2011年の広告費は5兆7096億円、前年比97.7%
電通が発表した「2011年(平成23年)日本の広告費
」によると、昨年2011年(1~12月)の日本の総広告費は5兆7096億円、前年比97.7%。前年を割り込むかたちになったが、後半は広告出稿が活性化した。媒体別にみると、「テレビ広告費」(前年比99.5%)、「新聞広告費」(同93.7%)、「雑誌広告費」(同93.0%)、「ラジオ広告費」(同96.0%)のいずれも減少し、「マスコミ四媒体広告費」は同97.4%と前年を下回った。
一方、地デジ化に際しての3波対応テレビの普及で「衛星メディア関連広告費」(同113.6%)は2ケタの伸びを示した。また、「インターネット広告費」(同104.1%)はソーシャルメディア活用などの新手法が増えた結果、引き続き増加となっている。
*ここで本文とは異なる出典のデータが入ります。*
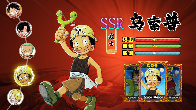 AOE 清场阵容:乌索普、罗、贝基、艾斯、萨博(路西形态)以艾斯和萨博(路西形态)为核心输出,两人的大范围技能可快速清理敌方小怪,乌索普的控制和罗的治疗能保障队伍续航,适合应对小怪密集的关卡。
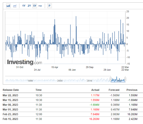 对原油形成短期明显扰动的最大原因还是市场的恐慌情绪,投资者近期对银行业的信心危机也引发对全球经济衰退的担忧,此时油价金融属性凸显。资金面转向黄金等避险类产品同时避开石油类大宗商品。尽管美国救市,瑞信被收购的新闻平缓风波,但是投资者信心脆弱。比如美国贴现窗口借款暴增,美国银行业向美联储借钱的规模直接超越2008年金融危机,说明美国银行系统可能存在不可预计的暗流涌动。资金方面油价打破70美元阻力位后引发连锁反应,像EA交易、算法交易等都会倾向于抛售原油,放大价格波动,所以上周五油价直接跌落65美元附近。这都是由于短期内资金和情绪的影响下使得原油价格承压。回归到供需关系来分析石油的商品属性以把握长期走势。本周三夜盘EIA美国能源信息署公布的美国公司商业原油库存变化数据显示,截至3月17日当周 EIA原油库存变动 111.7万桶,预期值-156.5万桶,前值155万桶。实质上仔细观察数据会发现,1月以来原油库存基本平均始终高于预测值。原油库存的增加通常暗示供应充足,对于油价是利空因素。
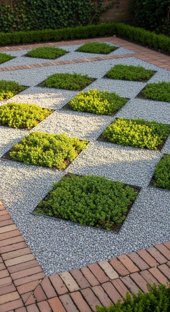 Alternate brick and gravel squares to form a grid, planting greenery in between. It’s geometric, organized, and modern — ideal for both small and large spaces.

インターネット広告費は8062億円、前年比104.1%
インターネット広告費についてみると、「媒体費」は6,189億円で、前年比101.8%。うちモバイル広告費1,168億円、検索連動広告費(PC領域のみ)は2,194億円。「制作費」は1,873億円、前年比112.2%となっている。
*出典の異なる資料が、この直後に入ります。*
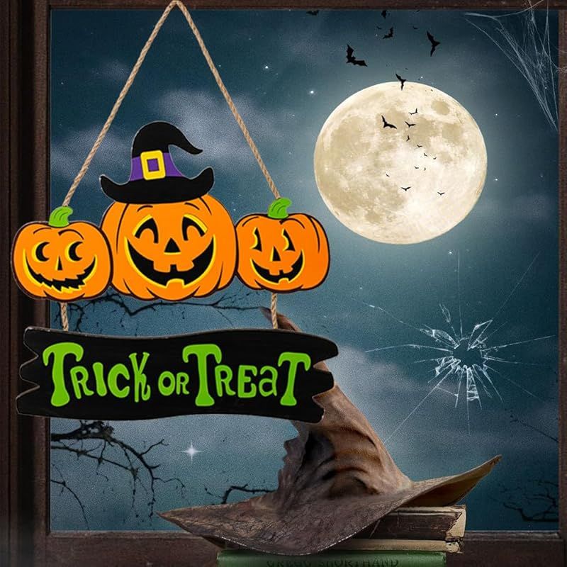 【新品】 ハロウィン 飾り ペンダントの装飾 木製 看板 カボチャ、魔女 吊り串 装飾 屋内、バー、テーブルデコ飾り、デコレーション、雰囲気改善、壁、窓、パティオ、エントランス、店舗、吊り下げ飾り、贈り物 (カボチャ)

2010年に堅調な伸びを示したインターネット広告媒体費は、2011年も伸長を維持していたが、3月の東日本大震災の影響により市場が一部停滞。モバイル広告市場においてはスマートフォン向け広告が拡大する反面、フィーチャー フォン向け広告が縮小したこともあり、市場全体としては前年をやや超える規模に留まった。
ウェブ(PC)広告は5,021億円で前年比103.0%(検索連動広告を含む)。ウェブ(PC)広告のうち、検索連動広告については震災の影響は軽微に留まり、金融やeコマースなどの業種を中心に堅調に推移して2,194億円、前年比107.8%となった。
スマートフォン向け広告は337億円と急増
モバイル広告は、1,168億円で前年比97.3%(モバイル検索連動広告を含む)。現時点では、一部の費用はスマートフォン向けのアプリの開発費に流れるなど、従来のフィーチャーフォン向け媒体費が必ずしもスマートフォン向け媒体費にそのまま移行しているとはいえない状況となっている。
また、スマートフォン向け広告は337億円(うち検索連動広告208億円)と、急増するユーザー数や注目の高まりに応じて急激な拡大をみせた。また、フィーチャーフォンとスマートフォンを合わせたモバイル検索連動広告は463億円(前年比162.5%)となった。